---
name: inbox-cleanup
version: 1.0.5
metadata:
  openclaw:
    emoji: 📬
    requires:
      bins:
      - python3
      env:
      - IMAP_PASSWORD
    network:
      outbound: true
      reason: Connects to IMAP server (e.g. Proton Bridge on localhost) to read and
        delete/archive emails.
    primaryEnv: IMAP_PASSWORD
description: IMAP bulk email triage — pattern-based delete/archive with dry-run mode.
  Supports IMAP STARTTLS (e.g.
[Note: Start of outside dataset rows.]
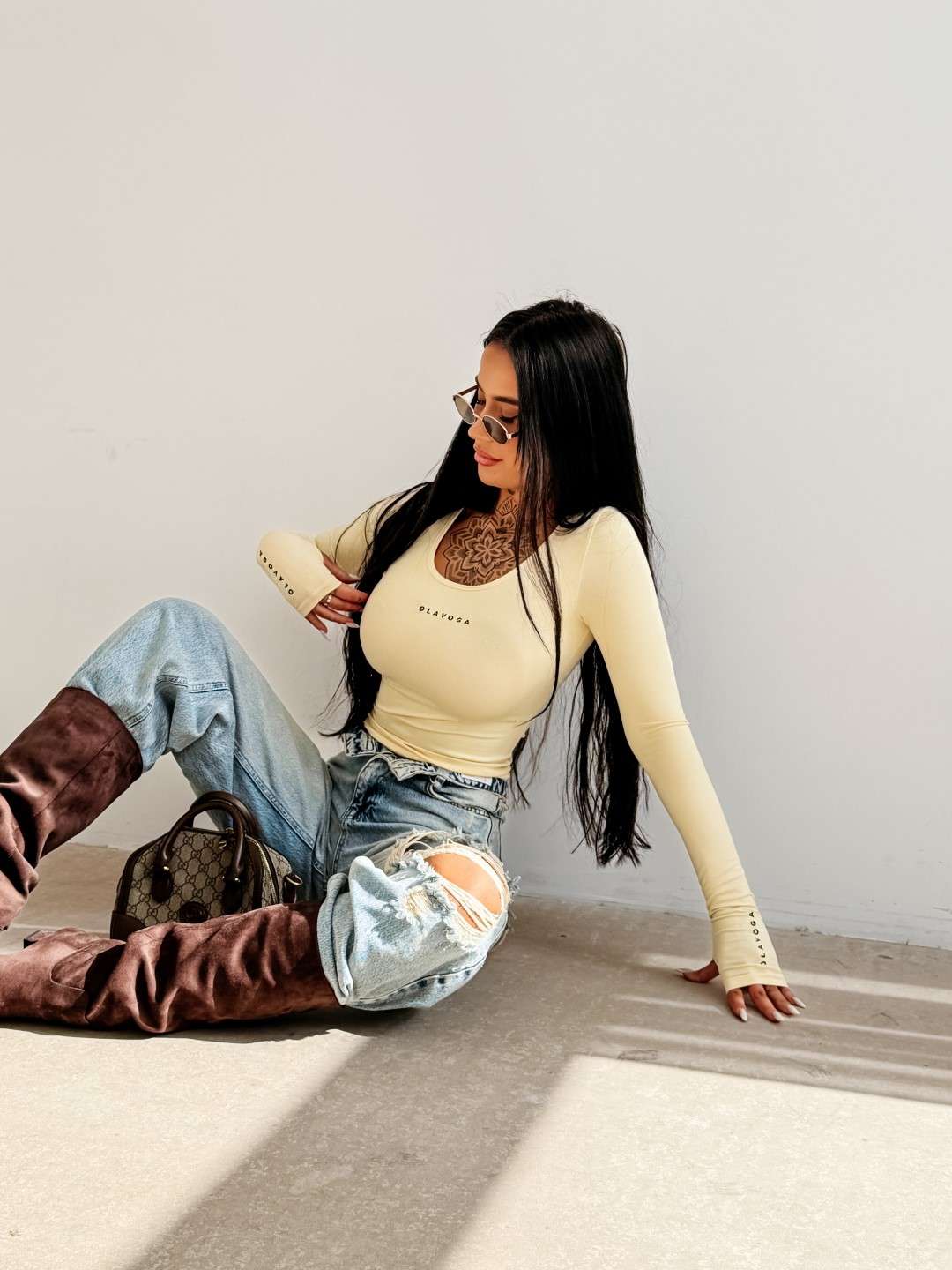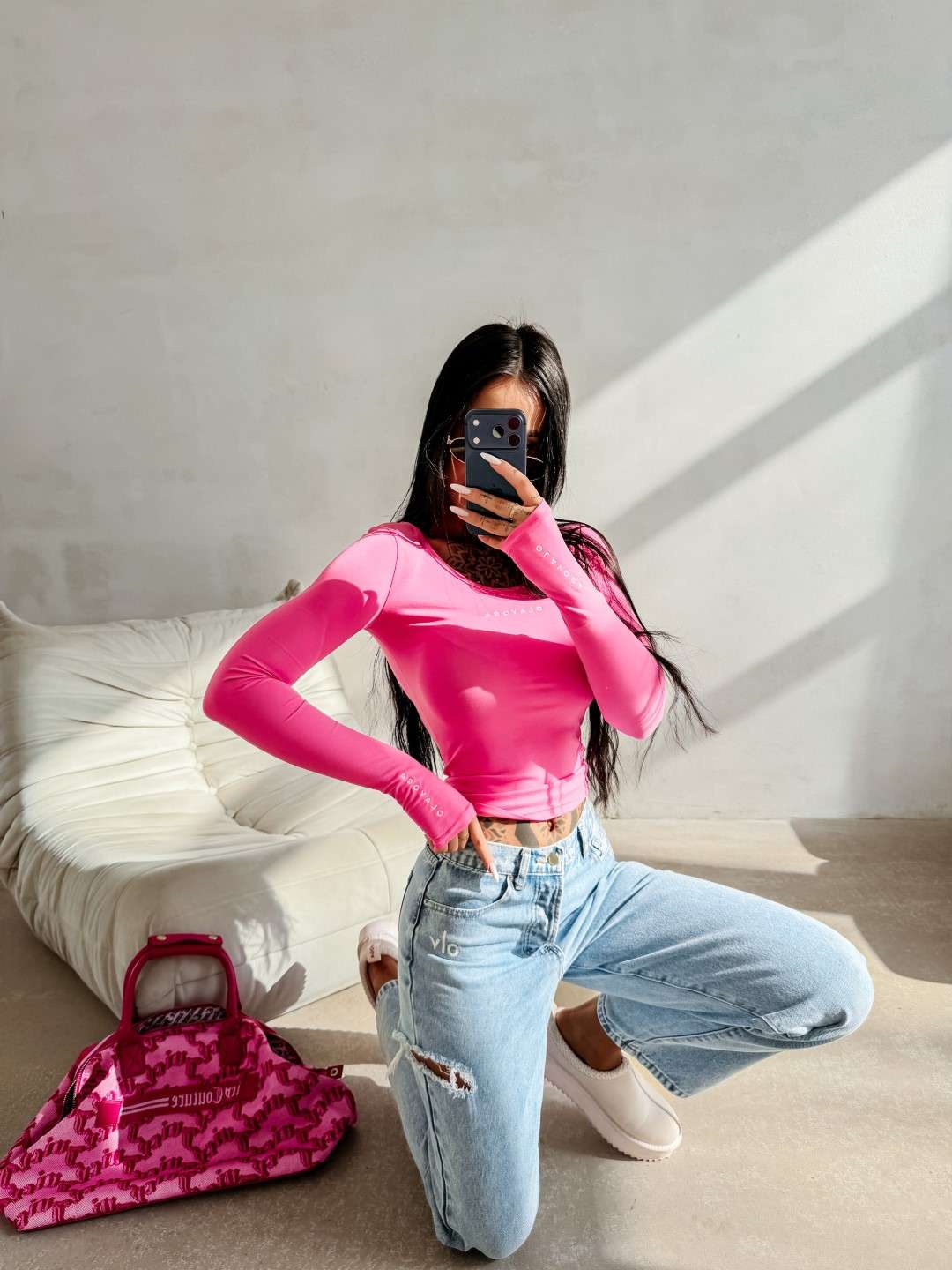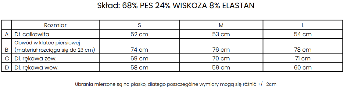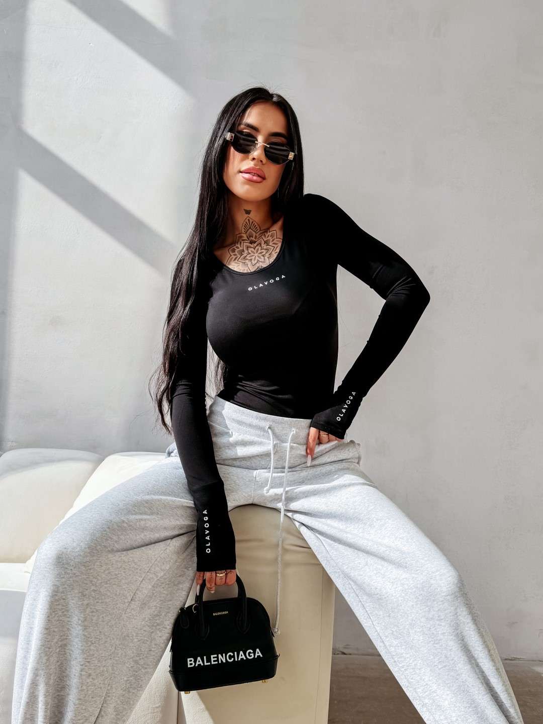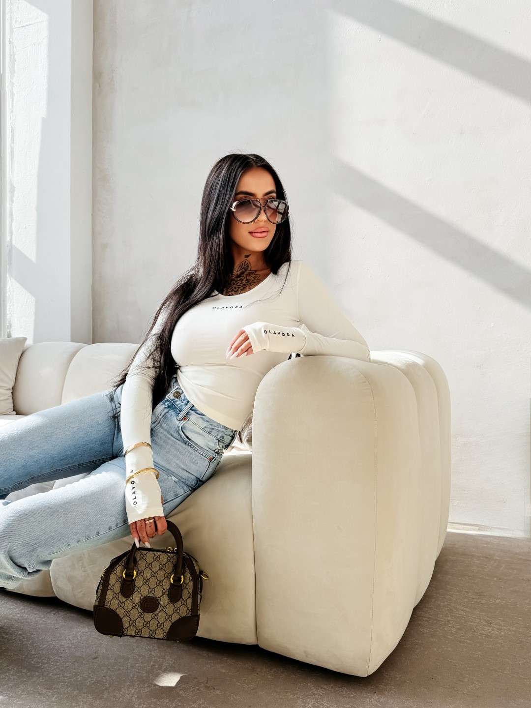 Dopasowana bluzka z długim rękawem. Głęboki okrągły dekolt. Rękawy zakończone otworem na palec. Subtelne logowanie z przodu oraz na rękawach.
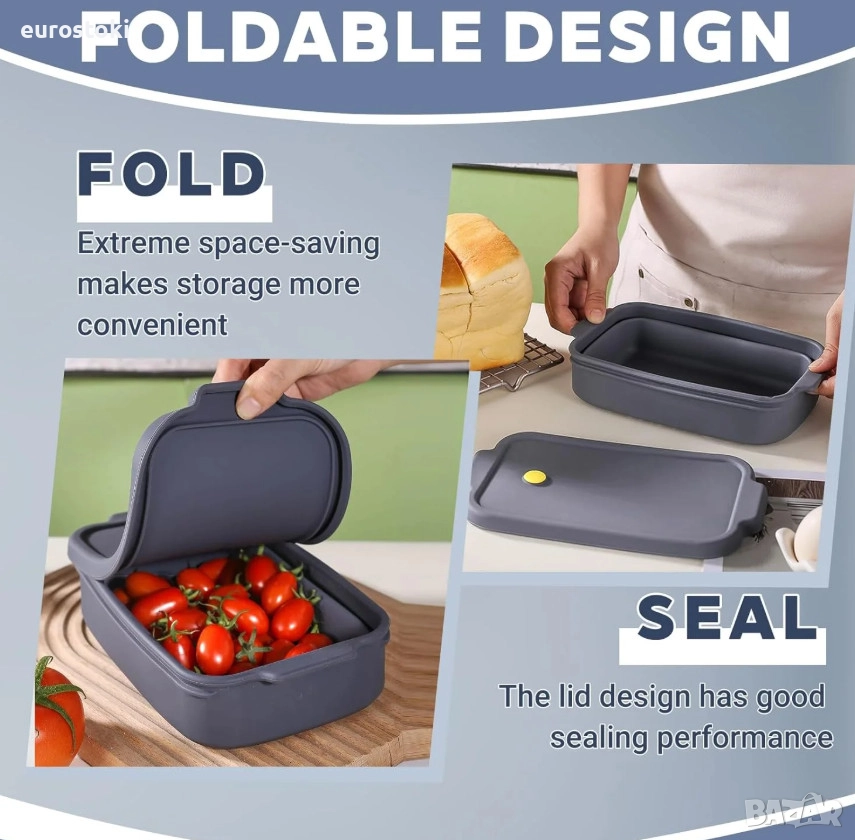 Силиконова форма за печене AUTOWNLUX, сгъваема силиконова форма с капак, форма за хляб, торти, сладк
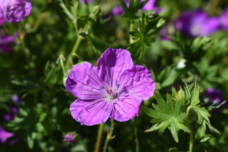 Bloody Cranesbill offers a burst of rose-pink flowers atop neat mounds of ferny leaves, creating a serene garden retreat. Its long blooming season provides a consistent source of nectar and pollen for solitary bees and hoverflies. This hardy perennial thrives in well-drained soil, requiring little attention once established. Its vibrant color and delicate foliage make it a visually appealing and functional addition to any garden. By enhancing biodiversity, Bloody Cranesbill plays a pivotal role in supporting local ecosystems and promoting sustainable gardening practices.
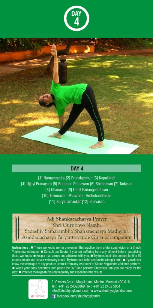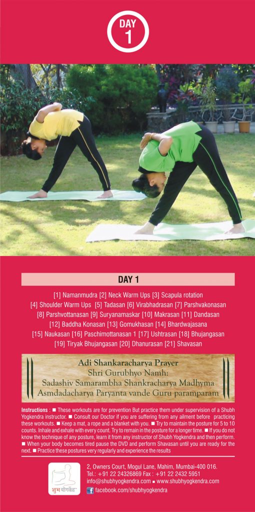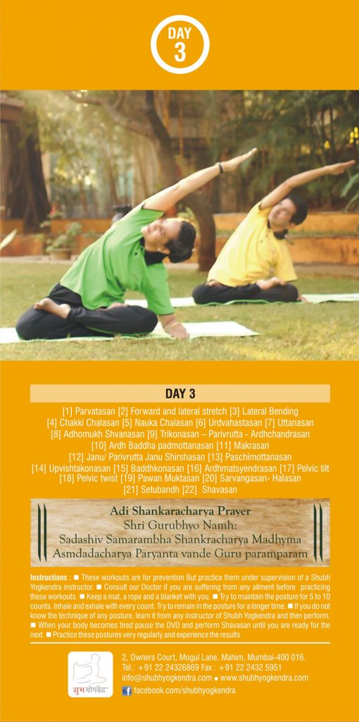 1. First Step in Yoga – This is an orientation session that is run in the Shubh Yoga Kendra and explains the principals of yoga therapy and provides introductory postures.
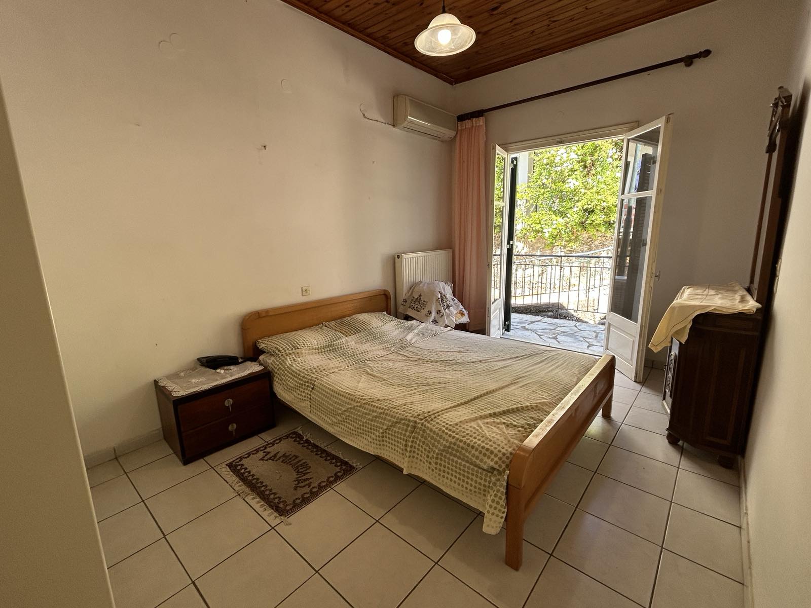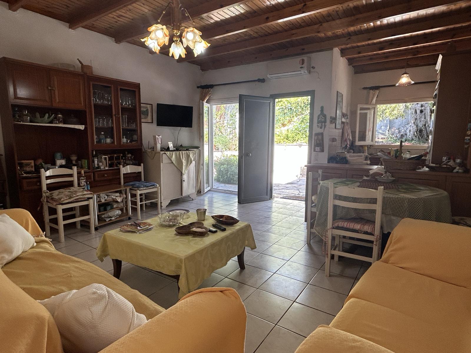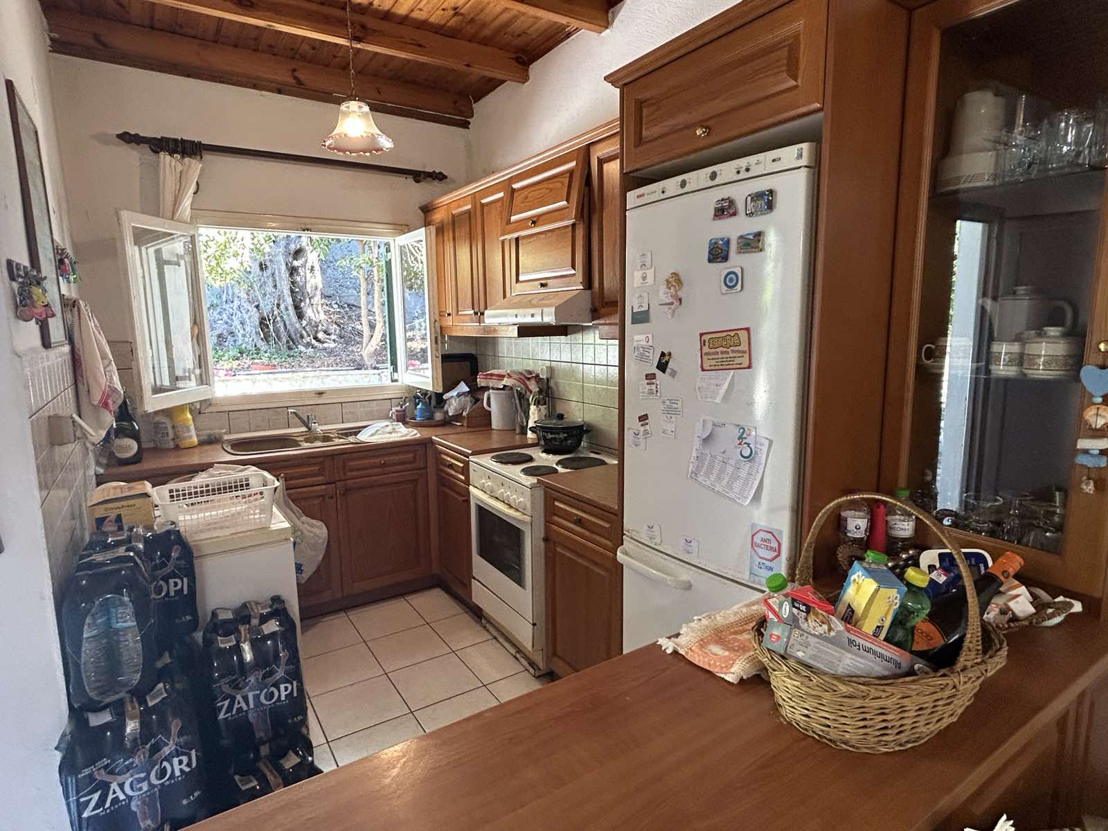 Located just off the road leading up to Viglatsouri, this property has spacious rooms and a paved courtyard at the front. Parking is available on the road, just a few steps away from the gate leading into the property grounds.
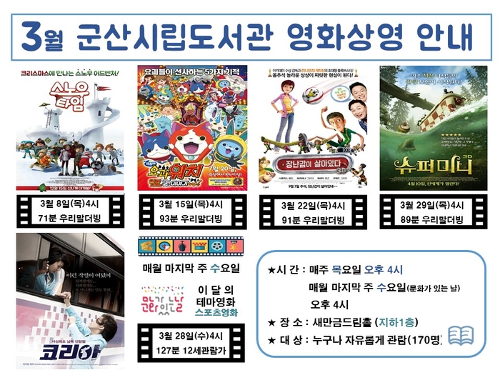 3월에는 오는 ▲8일 ‘스노우 타임’을 시작으로 ▲15일 ‘요괴워치 : 염라대왕의 5개의 이야기다냥!’ ▲22일 ‘장난감이 살아있다’ ▲29일 ‘슈퍼미니’를 만날 수 있다.
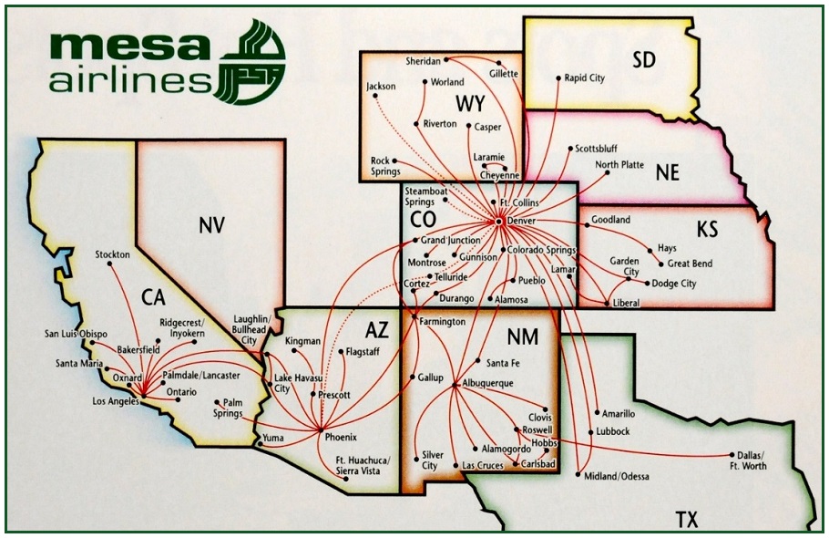 Mesa Airlines March 1994 (Routes indicated with red dashes are seasonal.) PREVIOUS PAGE MAIN PAGE Share this: Click to share on X (Opens in new window) X Click to share on Facebook (Opens in new window) Facebook Like Loading...
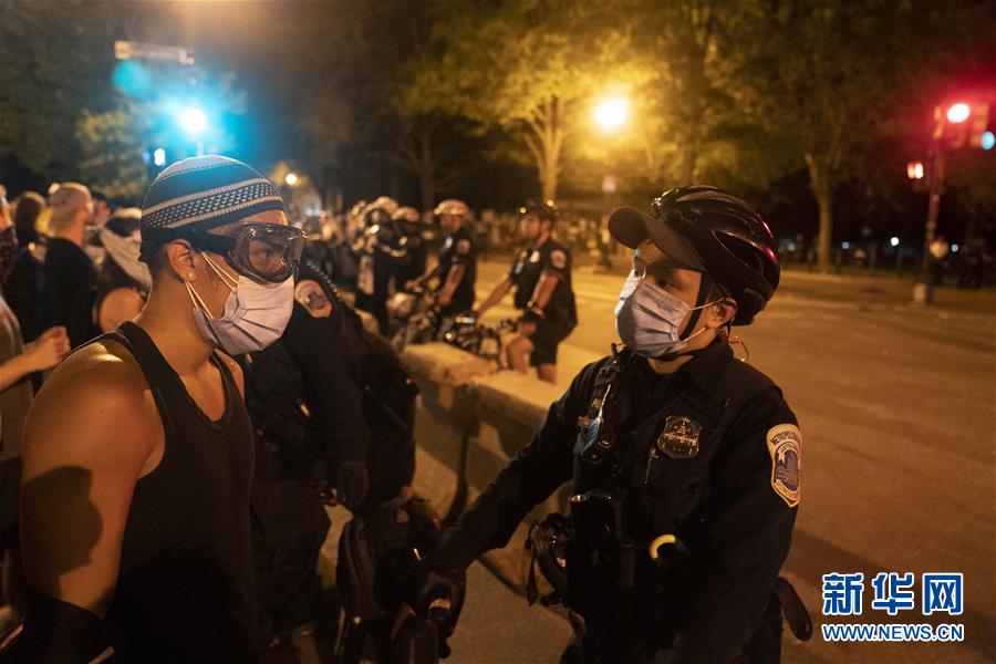 6月22日,警察和示威者在美國華盛頓白宮附近對(duì)峙。美國警察和示威者22日晚在首都華盛頓市白宮北側(cè)拉斐特廣場發(fā)生沖突并對(duì)峙。美國總統(tǒng)特朗普在社交媒體上說,許多人因破壞廣場上美國前總統(tǒng)安德魯·杰克遜的雕像及附近圣約翰圣公會(huì)教堂被逮捕。新華社記者劉杰攝
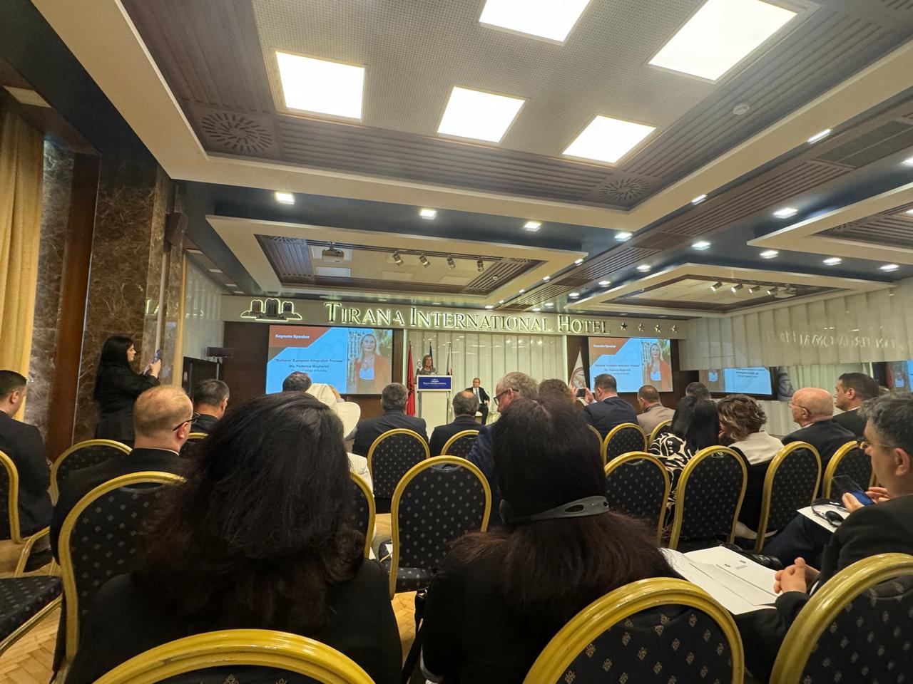 Fjalimin kryesor të konferencës me temë “Procesi i Integrimit Evropian të Ballkanit” e mbajti Federica Mogherini, Rektorja e Kolegjit të Evropës dhe ish-Përfaqësuese e Lartë e BE-së për Punët e Jashtme dhe Politikën e Sigurisë.

Proton Bridge), dry-run preview, YAML/JSON config for
  patterns, and processes UIDs for reliable bulk ops.
---

# inbox-cleanup

Bulk IMAP email triage: classify → delete/archive by sender domain, subject keywords, or custom patterns.

---

## When to Use This / When NOT to Use This

**Use inbox-cleanup when:**
- You need to bulk-delete or archive 50+ emails matching a pattern (sender domain, subject keyword)
- The inbox has a large backlog from known noisy senders (GitHub notifications, Slack digests, newsletters)
- You want a dry-run preview before committing any destructive action
- You need reproducible triage logic stored as config (not one-off manual clicks)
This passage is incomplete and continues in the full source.